At this point, it is necessary to convert the logical execution plan into a physical execution plan, that is, to change the logically feasible execution plan into a plan that Spark can actually execute. For example, for the join operator, Spark formulates different algorithm strategies for the operator according to different scenarios. There are BroadcastHashJoin, ShuffleHashJoinand SortMergejoinso on. The physical execution plan is actually to select an algorithm implementation with the least time-consuming among these specific implementations.

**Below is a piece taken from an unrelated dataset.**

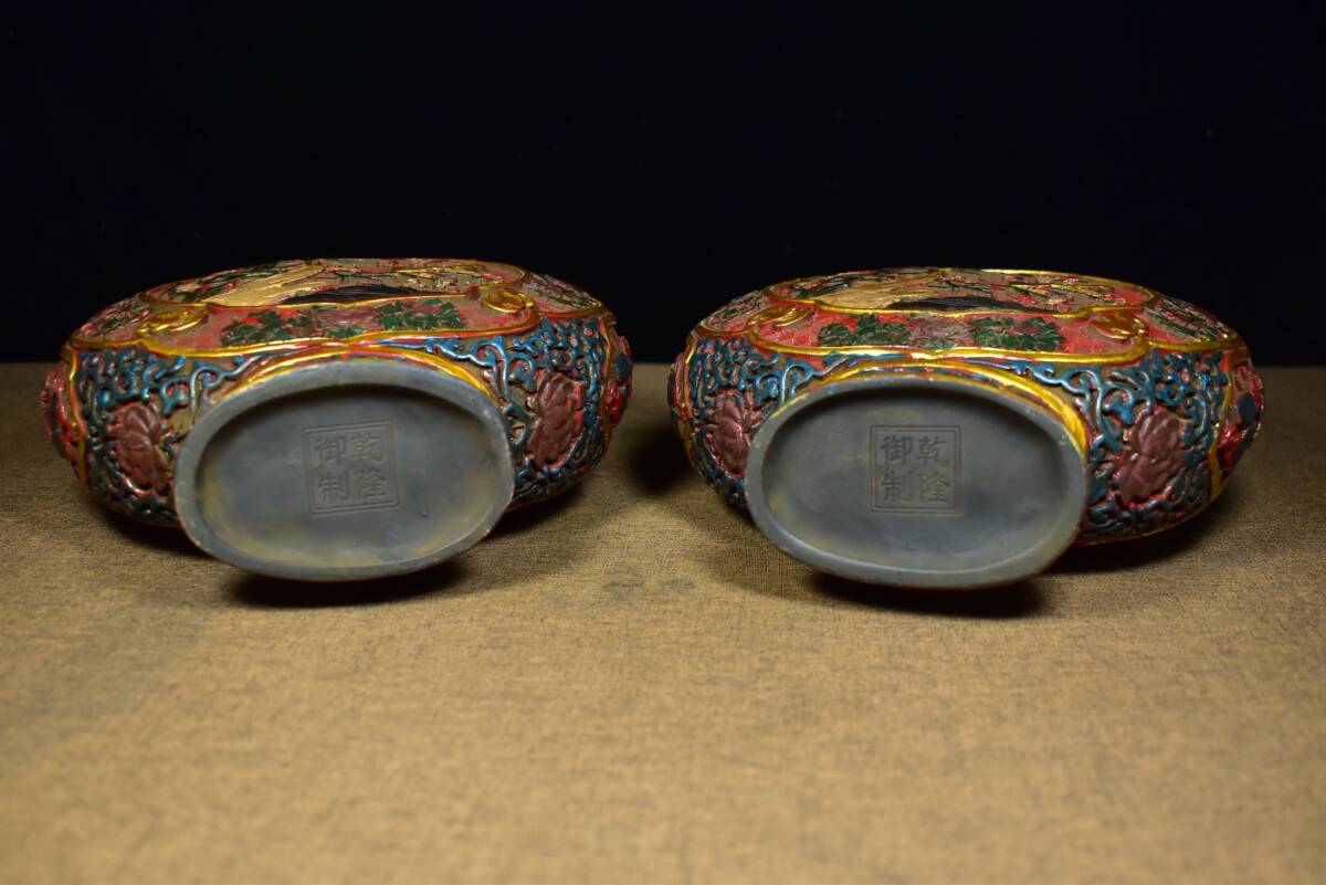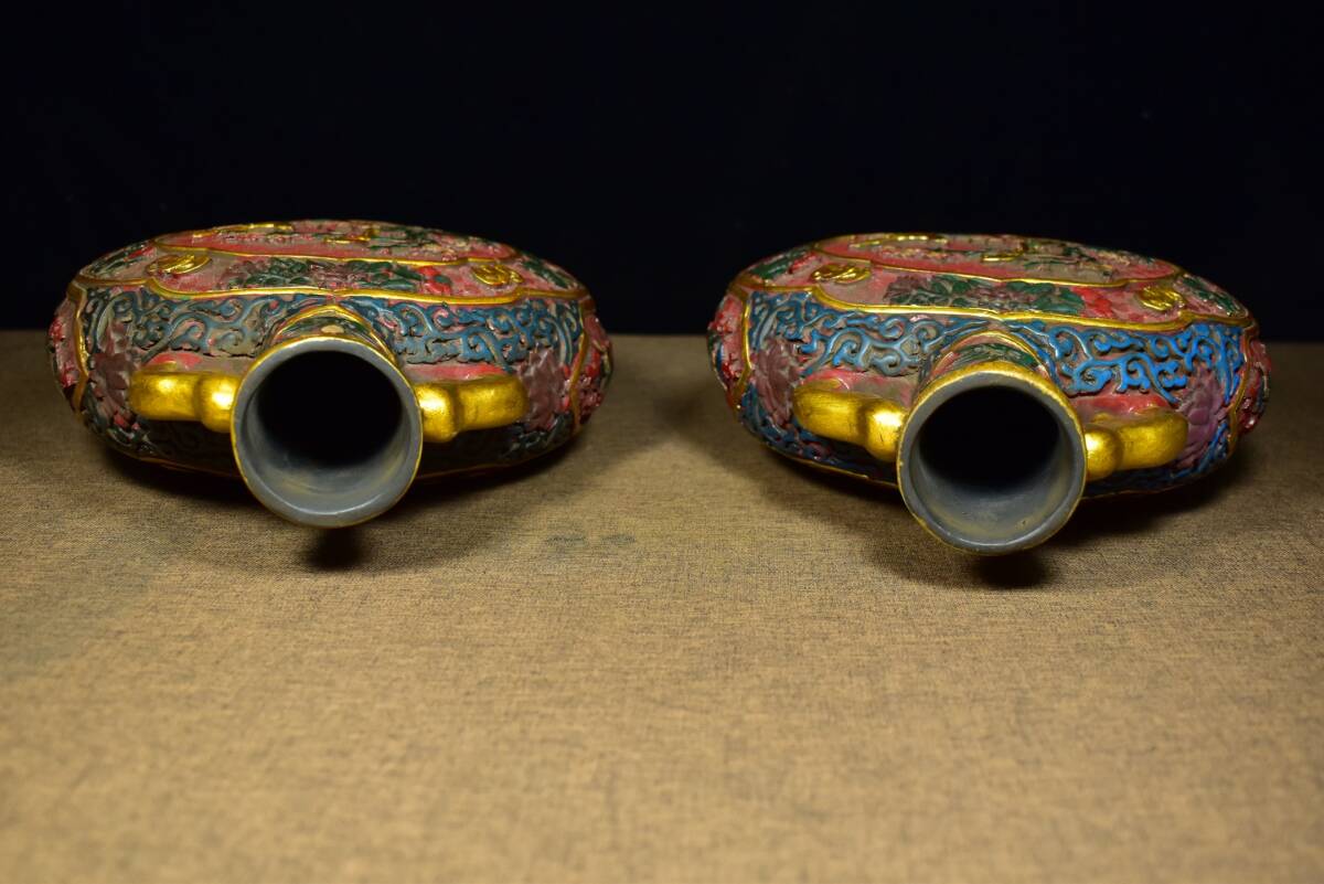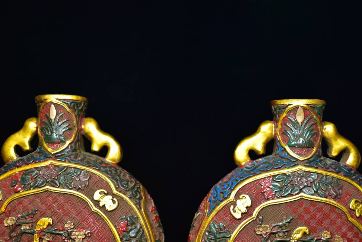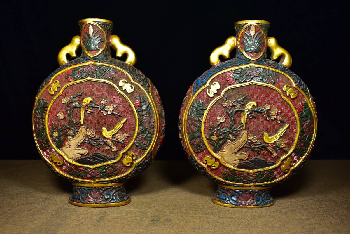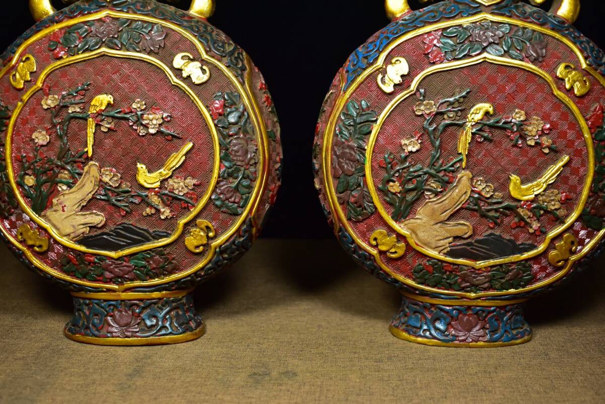 人間国宝 木製 【透き通った漆塗りの花瓶一対です】中国古美術 木彫 工芸品 彫刻品 珍材木彫 珍品旧蔵 伝世家珍 | |||

How to choose, the following is simple Say:

In fact, SparkPlanner converts the optimized logical plan to generate multiple physical plans that can be executed ;
Then the CBO (cost-based optimization) optimization strategy will calculate the cost of each Physical Plan according to the Cost Model , and select the Physical Plan with the smallest cost as the final Physical Plan.

The above steps 2, 3, and 4 are combined, which is the Catalyst optimizer!

Step 5. Execute the physical plan

Finally, according to the optimal physical execution plan, generate java bytecode, convert SQL into DAG, and operate in the form of RDD.

Summary: Overall Execution Flowchart

4. Two optimizations of Catalyst

Here we summarize two important optimizations of the Catalyst optimizer.

1. RBO: Rule-Based Optimization

Optimization points such as: predicate pushdown, column clipping, constant accumulation, etc.

Predicate pushdown case :

select 
* 
from 
table1 a 
join 
table2 b 
on a.id=b.id 
where a.age>20 and b.cid=1

The above statement is automatically optimized to look like this:

select 
*
from
(select * from table1 where age>20) a
join
(select * from table2 where cid=1) b
on a.id=b.id

That is, the data is filtered in advance in the sub-query stage, and the amount of shuffled data in the later join is greatly reduced.

Column clipping case :

select
a.name, a.age, b.cid
from
(select * from table1 where age>20) a
join
(select * from table2 where cid=1) b
on a.id=b.id

The above statement is automatically optimized to look like this:

select 
a.name, a.age, b.cid
from
(select name, age, id from table1 where age>20) a
join
(select id, cid from table2 where cid=1) b
on a.id=b.id

It is to query the required columns in advance, and cut out other unnecessary columns.

Constant accumulation :

select 1+1 as id from table1

The above statement is automatically optimized to look like this:

select 2 as id from table1

That is, it will be 1+1calculated in advance 2, and then assigned to each row of the id column, without calculating it every time 1+1.

2. CBO: Cost-Based Optimization

That is, after SparkPlanner generates multiple executable physical plans for the optimized logical plan, the multiple physical execution plans select the optimal physical plan with the least execution time based on the Cost Model .

reference:

Spark knowledge system nanny-level summary, 50,000 words of good text!